Artists and activists across the continent say they’ve found themselves in a strange role reversal in recent months.

Tucked into Africa’s western coast, rights activists in Ivory Coast see disturbing echoes in the rise of hate speech, which stirred simmering discontent ahead of a civil conflict in 2002. The country is still recovering from the fallout of a conflict that lasted for five years.

“What’s happening in the US is really discouraging,” said Bamba Sindou, who heads an Ivorian national umbrella group of civil society organizations that's known by its French acronym RAIDH. “When we talk of democracy and human rights, we usually talk about the US. Now we have people asking, but is that how people behave in a modern democracy?” he said by phone from Abidjan.

At worst, some fear, the Trump administration could be a boon for those who say it represents the limits of democracy. Satirists in Kenya have gone so far as to issue mock “travel warnings” for black Africans heading to the US. Recent headlines — ranging from accusations of nepotism to the president’s top spiritual adviser openly advising on policy-making — are unnervingly familiar in many fragile states on the continent.

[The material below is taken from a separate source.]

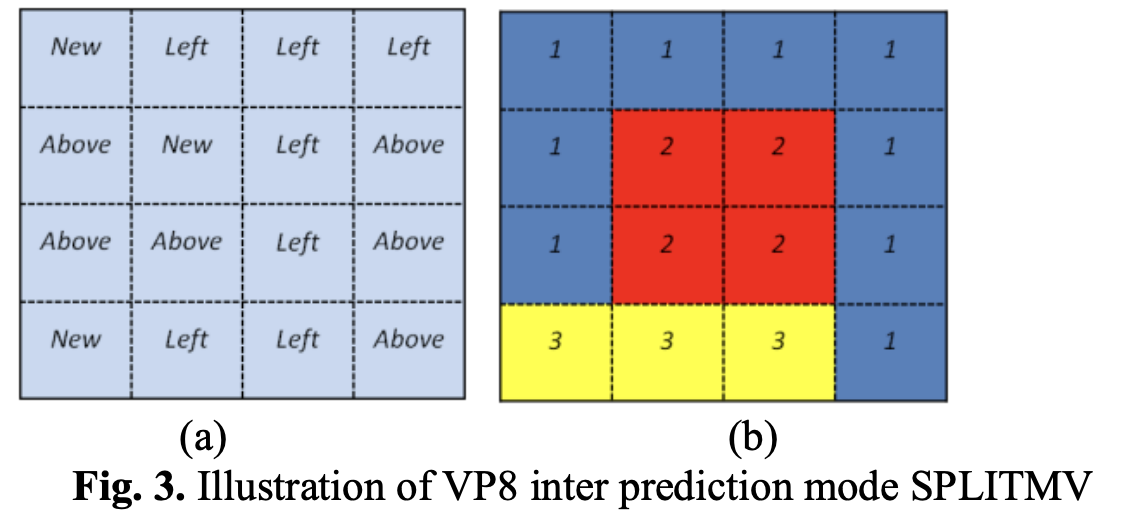 ์ฌ๊ธฐ์ ํคํ๋ ์๊ฐ์ ๋ณด๊ฐ(์์ธก)์ ์ํด์๋ โTM_PREDโ๋ผ๋ ๊ฒ์ ์ฌ์ฉํ๊ณ , ์ด๋ฏธ์ง ๋ด๋ถ์์์ ์์ธก์ ์ํด์๋ โSPLITMVโ๋ผ๋ ๋ฐฉ์์ ์ฌ์ฉํ๋ค๊ณ ํฉ๋๋ค. ์ด๋ฌํ ๋ ํผ๋ฐ์ค ํ๋ ์๋ค์ ์ด์ฉํ์ฌ ๋ณด๊ฐ ํ๋ ์๋ค์ ๋ง๋ค๊ฒ ๋์ฃ .
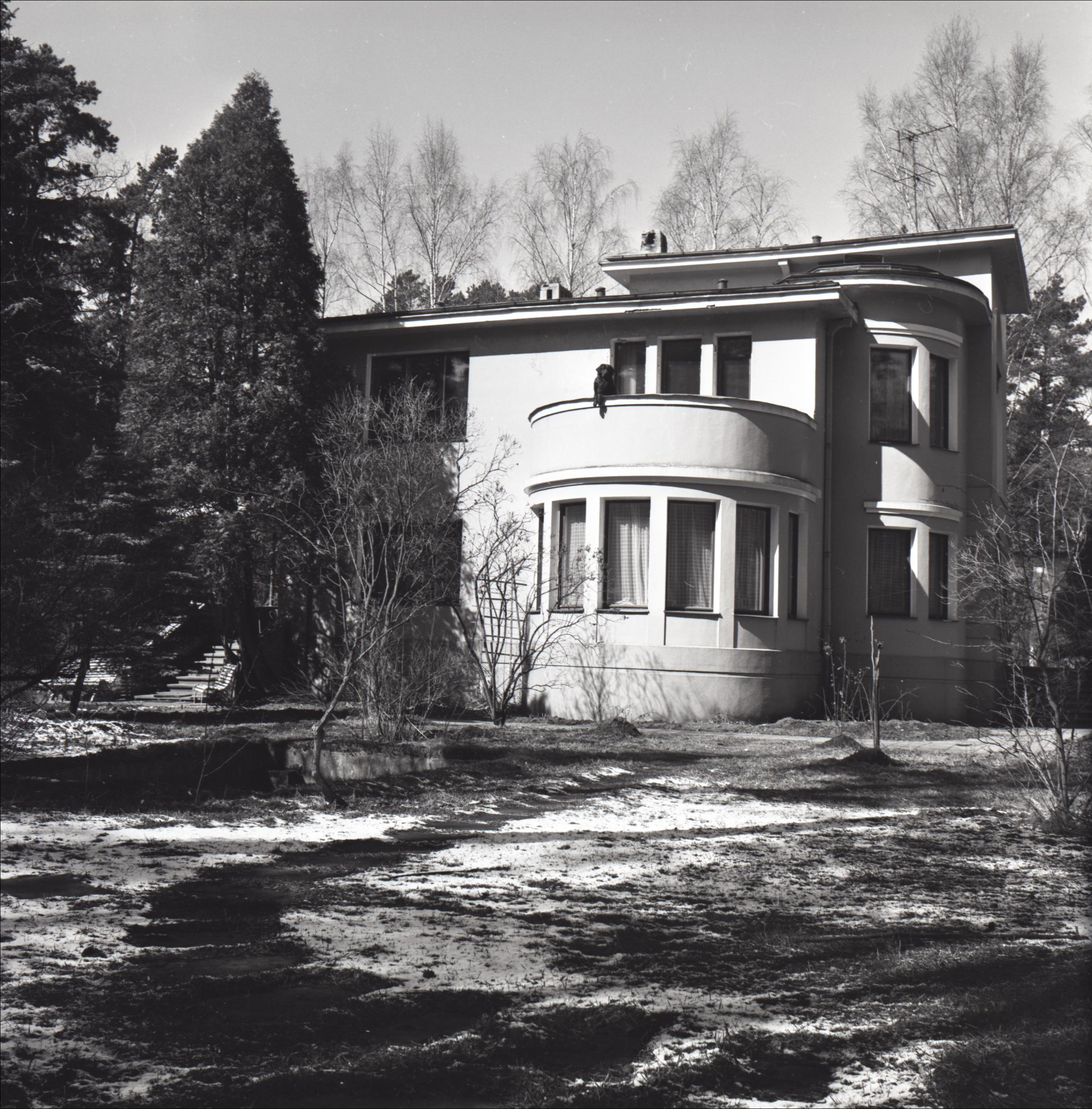 Ēka: Ēka, kurā dzīvojis Arnolds Deglavs. Skats uz ēku no pagalma puses. Divstāvu ēka, no fasādes lokveida izvirzījums, otrajā stāvā balkons. Pāri balkona malai redzams suns. Pie ēkas izbetonēta baseina vieta.

Even as far afield as Central African Republic, where more than 5,000 have been displaced during almost five years of hate-fueled conflict, Charlottesville was making headlines. In a country that’s barely held itself together during almost five years of violence, Didier Kassaï's cartoons in national newspapers frequently skewer those who’ve risen to power through promoting hate speech.

TERREUR EN #Centrafrique (1) Un survol des évènements en images par Didier Kassaï

“For so long, the US was a model, and a country that we followed closely,” he said by phone from the CAR’s capital of Bangui, where he said news of Charlottesville had trickled into most homes.

“Since Trump’s arrival, we no longer see it as a dream country. For a country which recently elected a black man to now be in a place reminiscent of an era when the Klu Klux Klan was able to crush African-Americans — it’s like the US’s ray of light has gone out on a global stage.”